The manuscript entitled „Addition of olive leaf extract to a mixture of algae and extra vir-2 gin olive oils decreases fatty acid oxidation and synergically attenuates age-induced hypertension, sarcopenia and insulin resistance in rats“ written by González-Hedström et al. is a well written paper documenting the effect of a mixture of olive leaf extract (OLE), algae oil (AO) and extra virgin olive oil (EVOO) on age-related cardiometabolic changes in rats. The study is very complex and reports the impact of tested mixture on a wide range of parameters including biometric, cardiovascular, and metabolic, as well as potential molecular mechanisms behind beneficial effect of this mixture in multiple organs including muscle, liver, heart, and adipose tissue, especially those related to inflammation and oxidative stress. Moreover, the paper documents that addition of OLE to a mixture of AO&EVOO stabilizes its antioxidant properties in time of storage thus improving its ability to exert its beneficial effects in clinical application where storage conditions are of particular importance. The data presented in the paper are novel, scientifically sound, and have a good potential to be translated to clinical praxis. Finally, the topic of the study fits to the scope of the target journal. Thus, the paper is suitable to be published in Antioxidants; however, I have several minor comments and suggestions to improve the paper before publication:

• Despite overall organization of the paper is very good and clear, I would suggest not interrupt the Discussion with Figures (8,9) but I recommend place all figures before the beginning of Discussion (move Figs 8 and 9).
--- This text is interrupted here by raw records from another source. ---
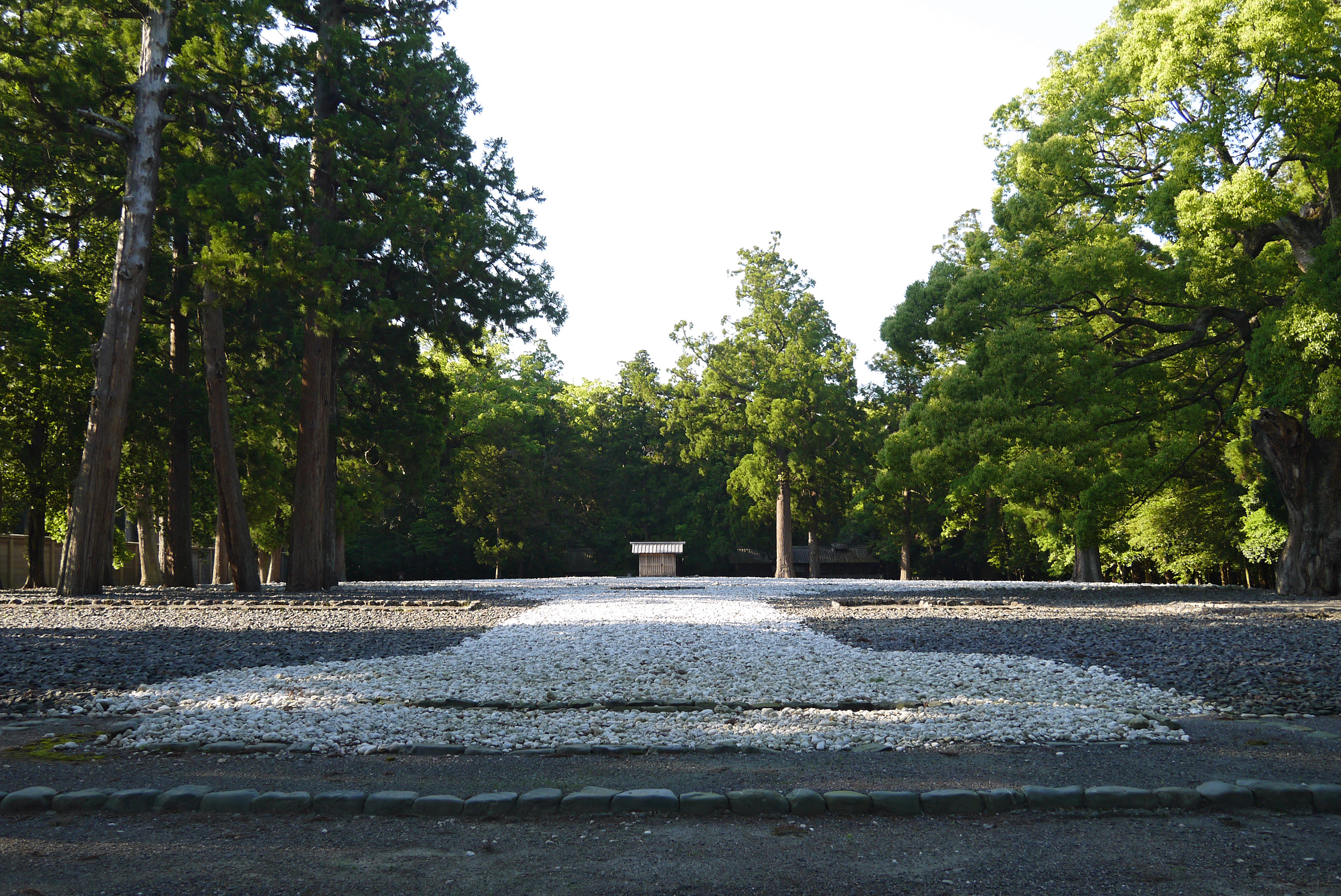 Geku, Ise-jingu Grand Shrine, Ise, Mie prefecture, Japan Panasonic Lumix DMC-GF5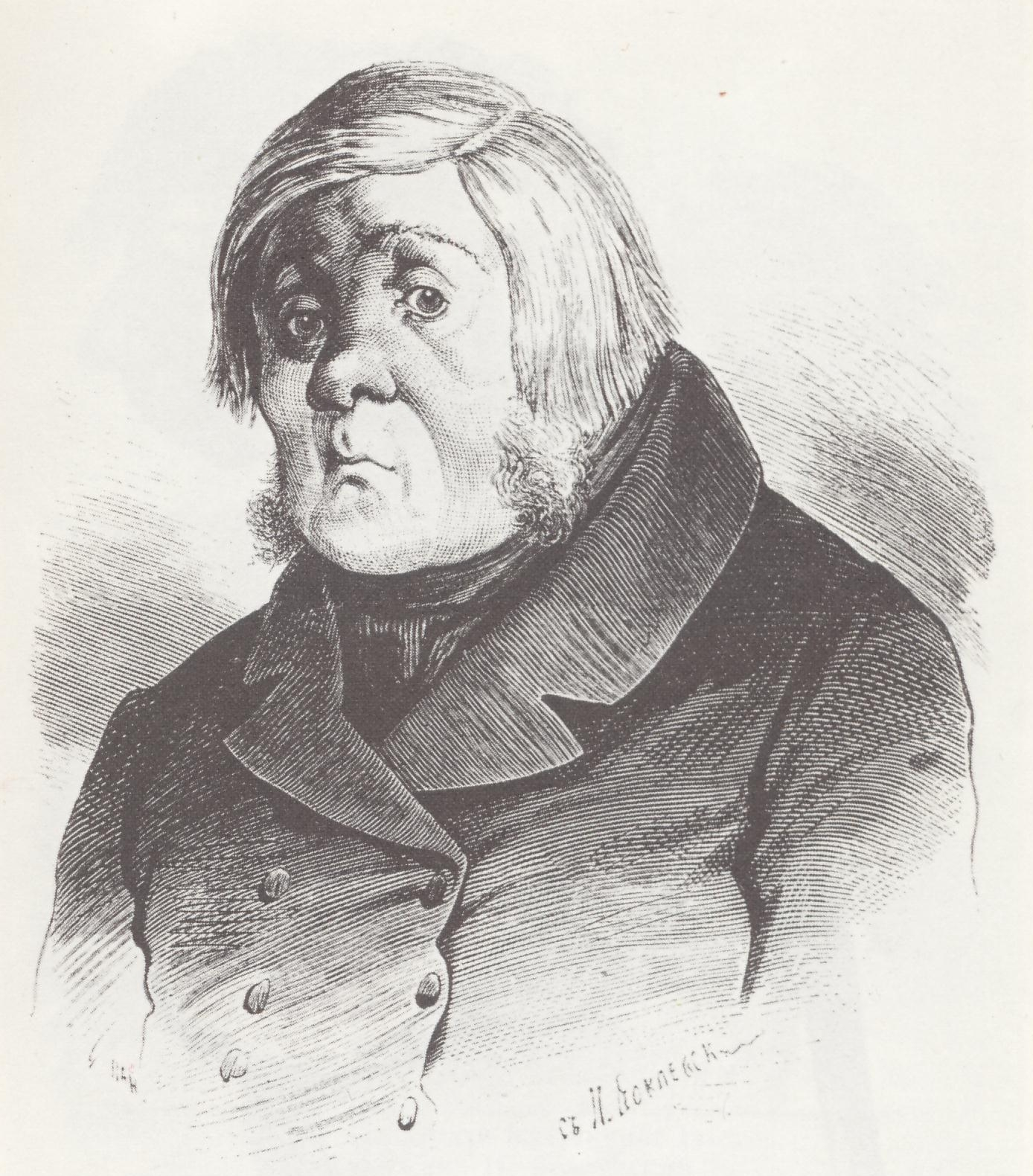 Illustration for Nikolai Gogol's Dead Souls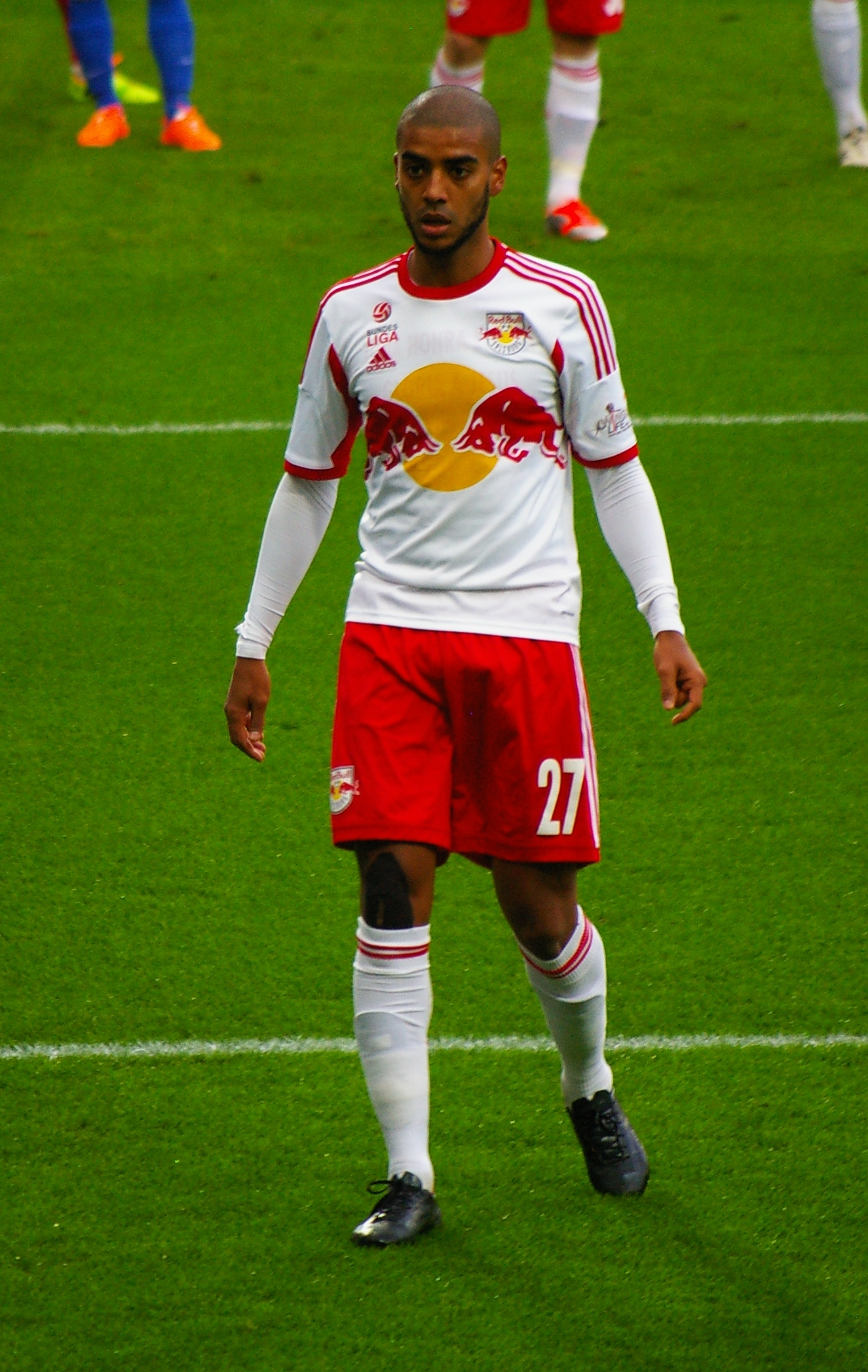 Austrian Bundesliga match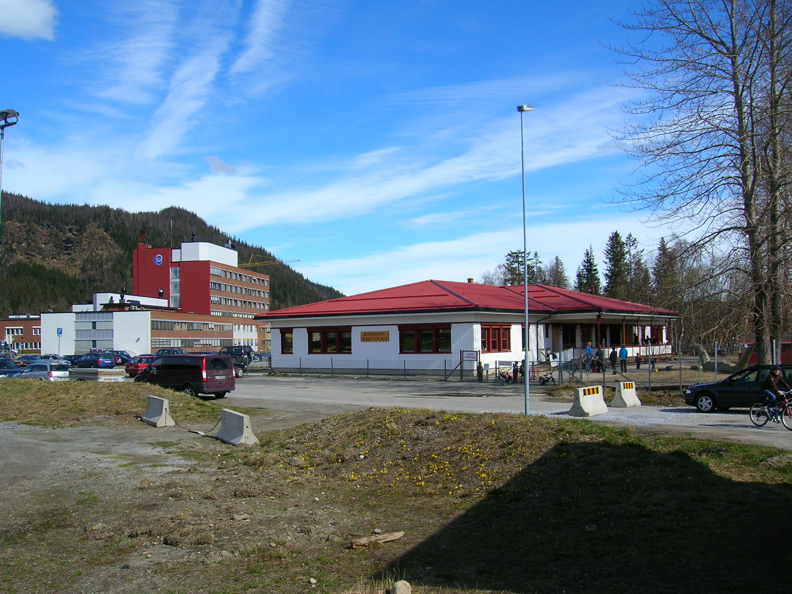 Engveien Kindergarten on Selfors, close to Ranas department of Helgeland hospital, 4 km north of Mo i Rana, Rana municipality, county of Nordland, Norway. Photo 14 May, 2007 with a Nikon Coolpix 5600 5,1 Megapixel camera.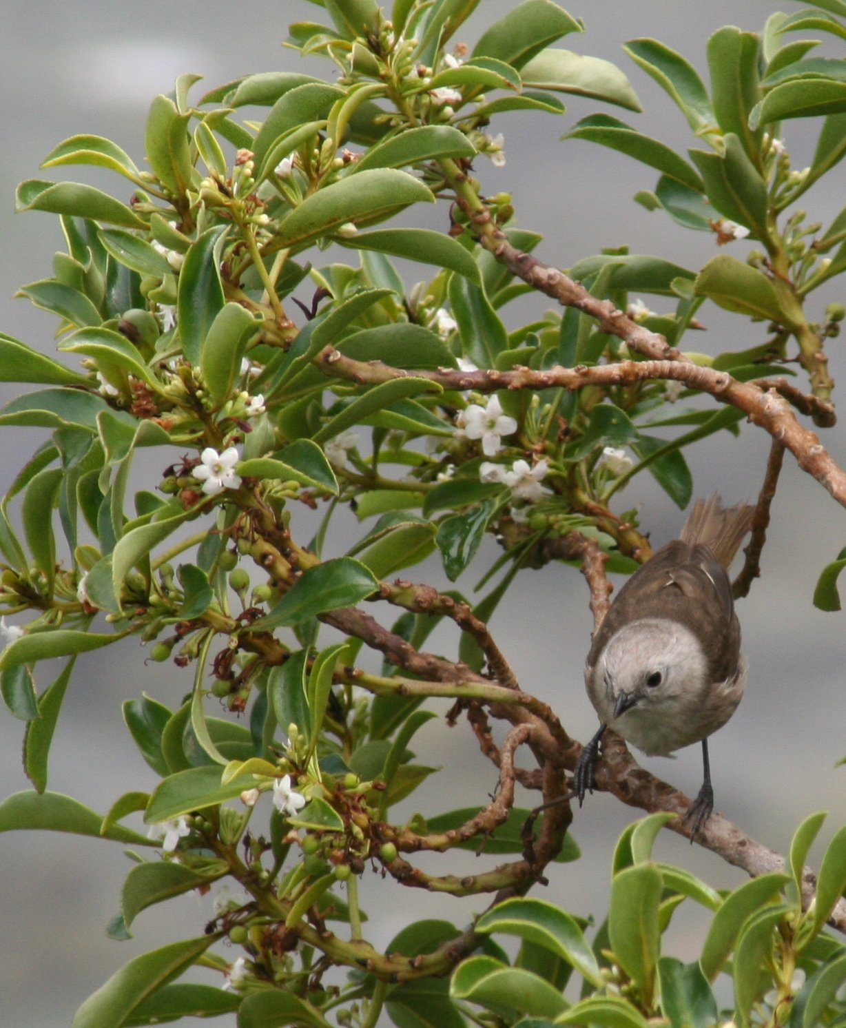 Whitehead, Mohoua albicilla, Tiritiri Matangi Island, New Zealand.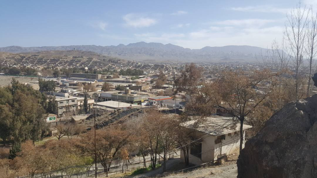 Zhob evening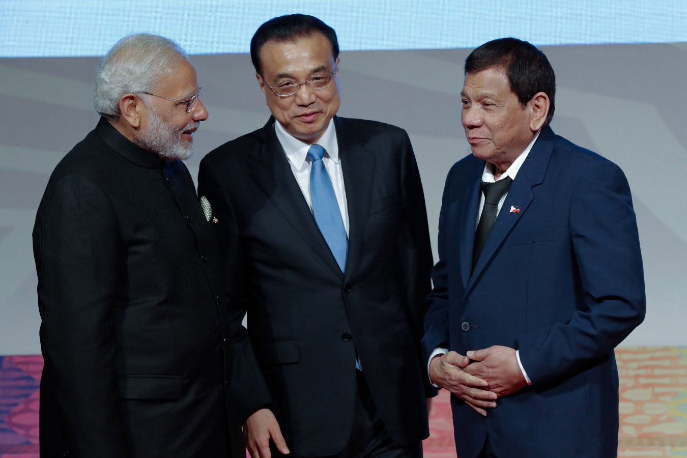 President Rodrigo Roa Duterte chats with Indian Prime Minister Narendra Modi and People's Republic of China Li Keqiang prior to the start of the 12th East Asia Summit at the Philippine International Convention Center on November 14, 2017. REY BANIQUET/PRESIDENTIAL PHOTO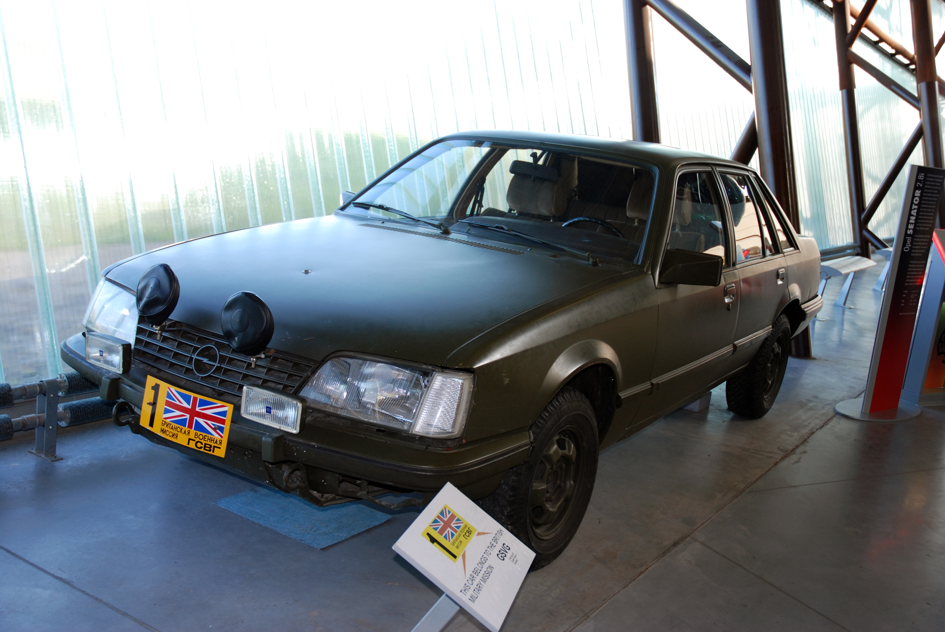 Opel Senator with Ferguson Formula all-wheel drive,[1] used by the British Commanders’-in-Chief Mission to the Soviet Forces in Germany (BRIXMIS); shown at RAF museum Cosford (October 2007).

• Results are sound and complex; however, it is not clear to me why the WB measurements of protein levels are so inconsistent in comparison to mRNA measurements by PCR. In fact, at protein level authors show only p-Akt/Akt ratio in gastrocnemius and visceral tissue, and p-GSK3β/GSK3β ratio in the liver. There are no data of protein levels in heart or vessels; moreover, those in above mentioned tissues are in imbalance to very complex and consistent data of mRNA expressions by PCR. Could authors explain this imbalance? Were levels of other proteins found unchanged by WB? Or were there any methodological problems that did not allow authors provide more complex and consistent data from WB, similarly as in case of PCR data?
• In Introduction authors list known positive effects of EVOO and Olive oil constituents, primarily due to their antioxidant properties, on cardiometabolic parameters (lines 101-117). Here, the recent comprehensive review paper on the role of antioxidants including Mediterranean diet compounds, also EVOO and OLE, in targeting oxidative stress in CMDs should be cited (PMID: 33905865).
• In Methods/Treatment authors introduce group names for old rats (Old) but do not introduce group name for young rats. This is strange, and also in the text can be found that “Old” appears with capital letter as the group name but in the same sentence “young” appears just with small letter, e.g. page 9 line 395. In contrast, in Tables, Figures and Figure legends “Young” also appears in capital letter. This looks strange and authors should unify the group naming and use properly in the MS.
• There are several abbreviation throughout the whole MS that are not properly introduced when firstly appear in the text, e.g. MAPK, GLUT, PUFA, ALA, EPA, DHA, MUFA, Alox, WAT, FASN, LPL, HSL, etc. Please, go through the text carefully and introduce all abbreviations when first appear in the text. In addition, I suggest create the List of Abbreviations for the paper to help readers in the orientation in the text.
• In Introduction, please unify the abbreviation PI3-kinase/Akt versus PI3K/Akt, and explain the abbreviation PI3K as well. Also, please be consistent in all abbreviation form, e.g. NOX1 vs. NOX-1, or NOX4 vs. NOX-4. (one form appears in Methods, other in Figures and Results).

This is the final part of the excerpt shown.